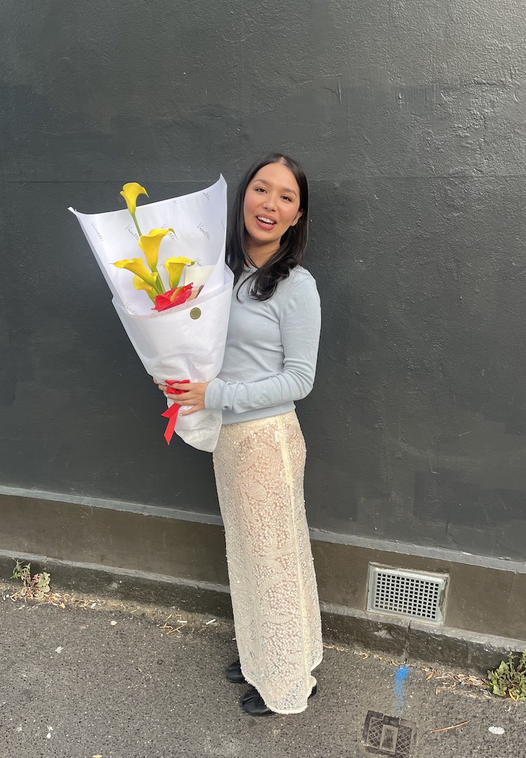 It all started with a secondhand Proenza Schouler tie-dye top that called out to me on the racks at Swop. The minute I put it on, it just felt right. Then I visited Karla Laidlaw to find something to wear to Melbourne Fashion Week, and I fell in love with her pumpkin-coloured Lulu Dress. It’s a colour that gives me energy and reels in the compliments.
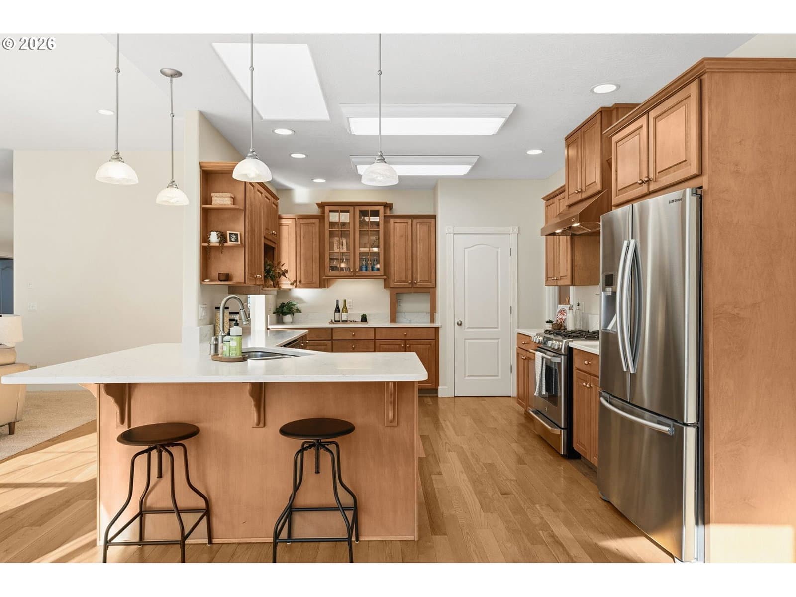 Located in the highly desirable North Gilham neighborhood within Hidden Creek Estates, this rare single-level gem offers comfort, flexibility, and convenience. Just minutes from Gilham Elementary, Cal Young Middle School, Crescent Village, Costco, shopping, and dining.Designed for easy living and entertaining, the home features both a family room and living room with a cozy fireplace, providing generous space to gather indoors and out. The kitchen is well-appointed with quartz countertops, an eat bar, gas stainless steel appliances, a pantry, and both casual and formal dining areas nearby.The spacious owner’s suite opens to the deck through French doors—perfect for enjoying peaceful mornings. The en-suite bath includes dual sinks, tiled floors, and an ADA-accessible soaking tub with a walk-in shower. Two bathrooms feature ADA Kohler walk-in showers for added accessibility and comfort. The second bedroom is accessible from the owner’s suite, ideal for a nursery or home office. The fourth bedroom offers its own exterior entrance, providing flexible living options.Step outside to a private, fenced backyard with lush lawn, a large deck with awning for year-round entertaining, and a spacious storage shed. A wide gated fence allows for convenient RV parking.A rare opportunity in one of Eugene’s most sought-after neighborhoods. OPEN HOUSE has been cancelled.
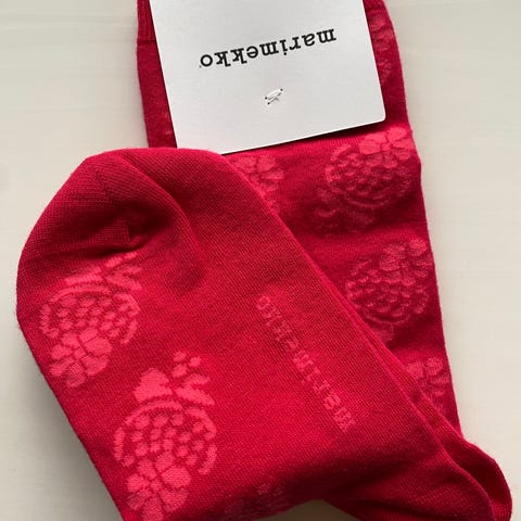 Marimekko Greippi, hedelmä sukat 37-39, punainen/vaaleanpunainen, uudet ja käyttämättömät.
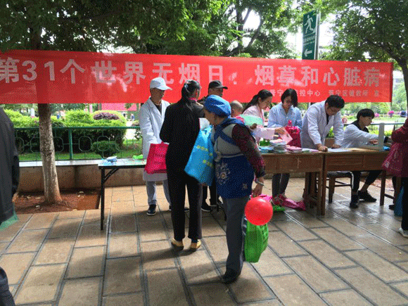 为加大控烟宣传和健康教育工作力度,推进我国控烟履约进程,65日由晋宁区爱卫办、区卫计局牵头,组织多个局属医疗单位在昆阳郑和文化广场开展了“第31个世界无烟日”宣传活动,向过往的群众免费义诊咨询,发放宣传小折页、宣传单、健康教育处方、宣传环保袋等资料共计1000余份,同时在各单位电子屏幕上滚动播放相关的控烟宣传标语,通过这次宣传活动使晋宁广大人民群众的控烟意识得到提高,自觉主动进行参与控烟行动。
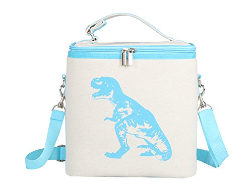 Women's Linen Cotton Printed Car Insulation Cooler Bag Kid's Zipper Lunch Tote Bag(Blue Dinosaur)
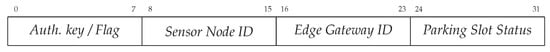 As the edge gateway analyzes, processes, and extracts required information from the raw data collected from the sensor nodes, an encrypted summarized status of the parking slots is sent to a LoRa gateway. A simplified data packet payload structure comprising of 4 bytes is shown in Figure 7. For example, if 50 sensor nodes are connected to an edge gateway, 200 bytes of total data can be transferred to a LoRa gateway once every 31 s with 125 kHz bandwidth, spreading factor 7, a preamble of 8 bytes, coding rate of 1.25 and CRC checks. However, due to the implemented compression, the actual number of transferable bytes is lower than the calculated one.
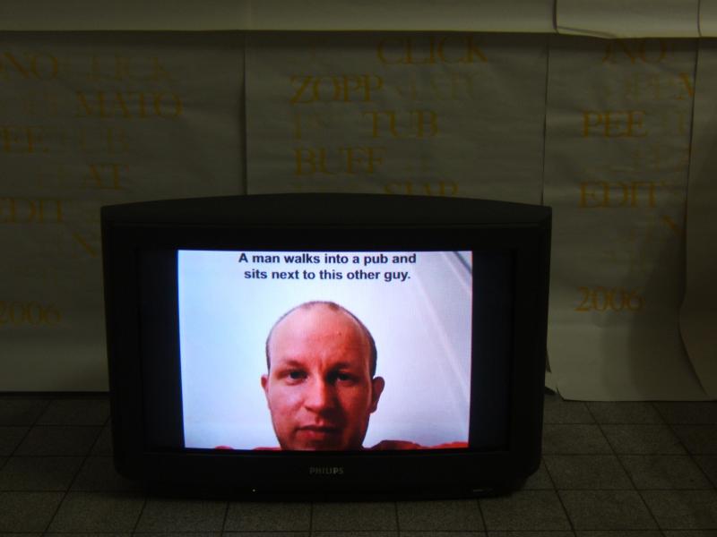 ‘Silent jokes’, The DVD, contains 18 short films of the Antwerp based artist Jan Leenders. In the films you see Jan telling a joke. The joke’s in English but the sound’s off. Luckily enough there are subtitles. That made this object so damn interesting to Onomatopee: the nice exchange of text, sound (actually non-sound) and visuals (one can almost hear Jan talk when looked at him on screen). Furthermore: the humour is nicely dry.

= = = = = = =

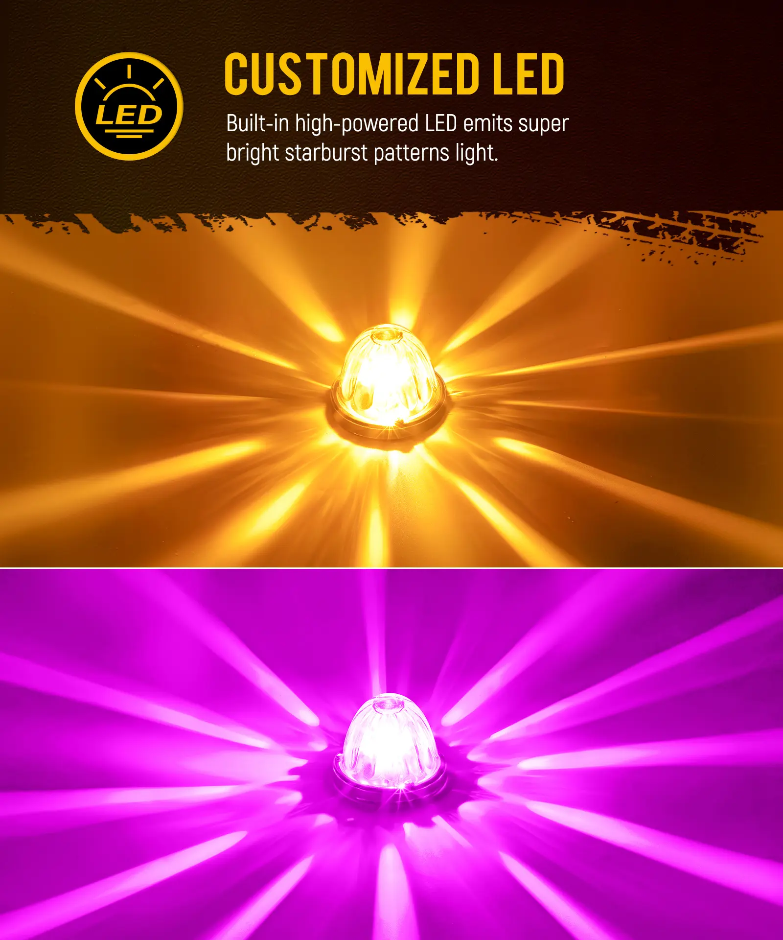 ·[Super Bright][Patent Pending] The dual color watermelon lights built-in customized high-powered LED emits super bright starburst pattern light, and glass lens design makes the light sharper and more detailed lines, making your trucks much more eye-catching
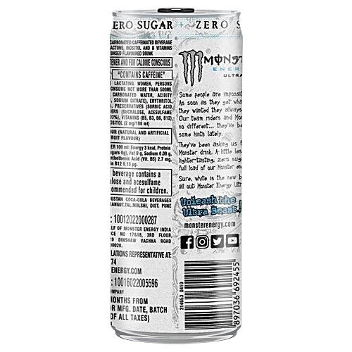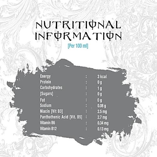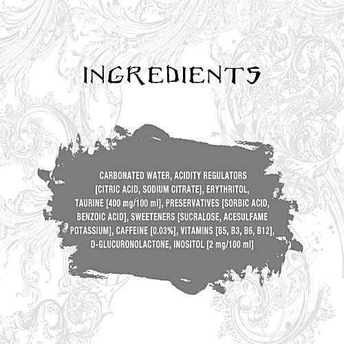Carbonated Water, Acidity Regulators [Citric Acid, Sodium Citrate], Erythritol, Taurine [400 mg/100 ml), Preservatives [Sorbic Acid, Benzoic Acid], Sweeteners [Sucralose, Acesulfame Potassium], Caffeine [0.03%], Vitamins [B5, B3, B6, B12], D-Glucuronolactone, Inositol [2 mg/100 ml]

= = = = = = =

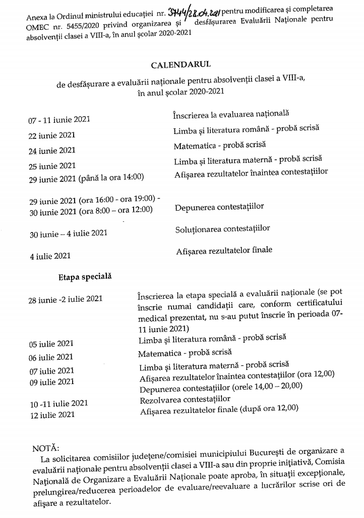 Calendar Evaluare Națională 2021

= = = = = = =

Directions>
Give back exactly the lines above that run from the one with "为加大控烟宣传和健康教育工作" to the one with "As the edge", including both, with the pictures left out.

Output below>
 为加大控烟宣传和健康教育工作力度,推进我国控烟履约进程,65日由晋宁区爱卫办、区卫计局牵头,组织多个局属医疗单位在昆阳郑和文化广场开展了“第31个世界无烟日”宣传活动,向过往的群众免费义诊咨询,发放宣传小折页、宣传单、健康教育处方、宣传环保袋等资料共计1000余份,同时在各单位电子屏幕上滚动播放相关的控烟宣传标语,通过这次宣传活动使晋宁广大人民群众的控烟意识得到提高,自觉主动进行参与控烟行动。
 Women's Linen Cotton Printed Car Insulation Cooler Bag Kid's Zipper Lunch Tote Bag(Blue Dinosaur)
 As the edge gateway analyzes, processes, and extracts required information from the raw data collected from the sensor nodes, an encrypted summarized status of the parking slots is sent to a LoRa gateway. A simplified data packet payload structure comprising of 4 bytes is shown in Figure 7. For example, if 50 sensor nodes are connected to an edge gateway, 200 bytes of total data can be transferred to a LoRa gateway once every 31 s with 125 kHz bandwidth, spreading factor 7, a preamble of 8 bytes, coding rate of 1.25 and CRC checks. However, due to the implemented compression, the actual number of transferable bytes is lower than the calculated one.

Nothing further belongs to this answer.